» **Directions**
Produce a verbatim copy of the data below that contains no pictures.

··· Given information

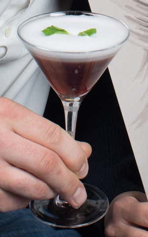 Cin Cin, di Flavio Esposito del bar Boutique di Milano, secondo classificato nel sondaggio di Italia a Tavola, categoria barman, ha presentato un cocktail after dinner di natura più tradizionale ma con delle varianti di ricerca, con liquore alla menta bianca e del gin Alkemist, a cui ha saputo unire del liquore Chamboard (ai lamponi) e del pompelmo rosa. Aromaticità intensa che necessitava di una certa meditazione per comprenderne bene il gusto. Simpatica l’idea ci completare il drink con una aria aromatica sulla sua superficie.
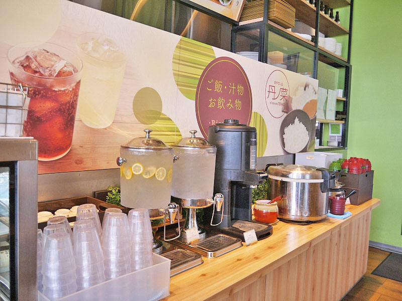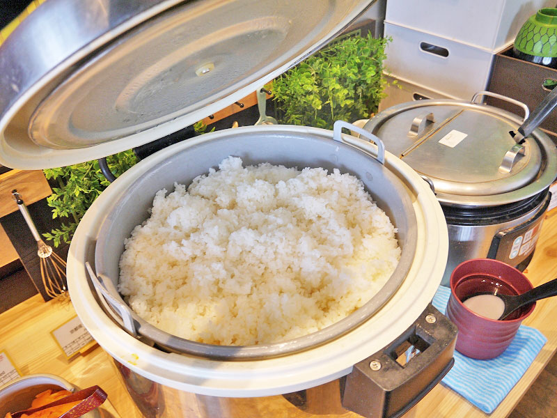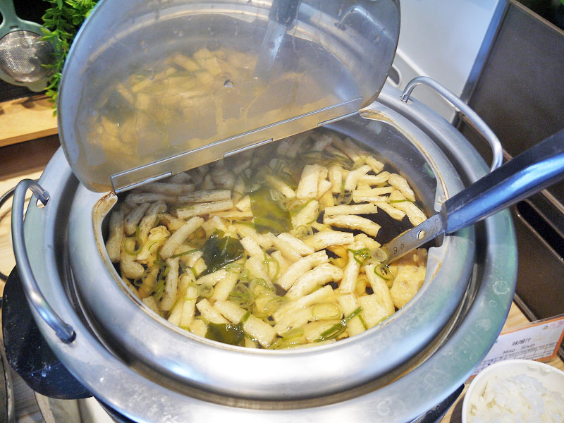 次はご飯、お味噌汁、ドリンクのエリアへ。
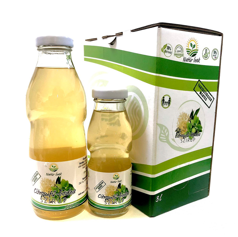 A citromfű és a bodza népi gyógyászati hatása A citromfű vírusölő, ideg- és szívnyugtató, görcsoldó, serkenti az emésztést, enyhíti az idegességet és szerepe van a depresszió oldásában is. Gyomorrontás, gyomorsavtúltengés, hányinger, puffadások idején különösen javasolt gyógynövény. A fekete bodza enyhe hashajtó, fájdalomcsillapító, immunerősítő és izzasztó hatású. Tartalmaz A- és B-vitamint, C-vitamint, ennek mennyisége duplája, a citrusfélékben találhatónak. Fontos ásványi anyag és mikroelem forrás. Összetevők Víz, cukor, bodzavirág, citromfű, citromlé. Ajánlott felhasználása Limonádéba cukor helyett, vízzel vagy szódával hígítva, koktélokba összetevőként adhatjuk. Jégkása, jégkocka is készülhet belőle, amellyel meglephetjük vendégeinket. Süteményekre öntetként, illetve cukor helyett alapanyagként is felhasználható.
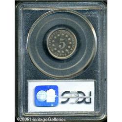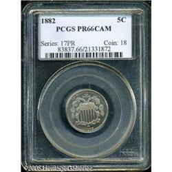 <B>1882 5C PR66 Cameo PCGS.</B></I> Light, original lilac-gray patina covers each side with a dab of golden-brown here and there. Deeply reflective with noticeable contrast even through the moderate toning. Population: 45 in 66, 12 finer (1/05). Lot:5865

······

» **Result**
 Cin Cin, di Flavio Esposito del bar Boutique di Milano, secondo classificato nel sondaggio di Italia a Tavola, categoria barman, ha presentato un cocktail after dinner di natura più tradizionale ma con delle varianti di ricerca, con liquore alla menta bianca e del gin Alkemist, a cui ha saputo unire del liquore Chamboard (ai lamponi) e del pompelmo rosa. Aromaticità intensa che necessitava di una certa meditazione per comprenderne bene il gusto. Simpatica l’idea ci completare il drink con una aria aromatica sulla sua superficie.
 次はご飯、お味噌汁、ドリンクのエリアへ。
 A citromfű és a bodza népi gyógyászati hatása A citromfű vírusölő, ideg- és szívnyugtató, görcsoldó, serkenti az emésztést, enyhíti az idegességet és szerepe van a depresszió oldásában is. Gyomorrontás, gyomorsavtúltengés, hányinger, puffadások idején különösen javasolt gyógynövény. A fekete bodza enyhe hashajtó, fájdalomcsillapító, immunerősítő és izzasztó hatású. Tartalmaz A- és B-vitamint, C-vitamint, ennek mennyisége duplája, a citrusfélékben találhatónak. Fontos ásványi anyag és mikroelem forrás. Összetevők Víz, cukor, bodzavirág, citromfű, citromlé. Ajánlott felhasználása Limonádéba cukor helyett, vízzel vagy szódával hígítva, koktélokba összetevőként adhatjuk. Jégkása, jégkocka is készülhet belőle, amellyel meglephetjük vendégeinket. Süteményekre öntetként, illetve cukor helyett alapanyagként is felhasználható.
 <B>1882 5C PR66 Cameo PCGS.</B></I> Light, original lilac-gray patina covers each side with a dab of golden-brown here and there. Deeply reflective with noticeable contrast even through the moderate toning. Population: 45 in 66, 12 finer (1/05). Lot:5865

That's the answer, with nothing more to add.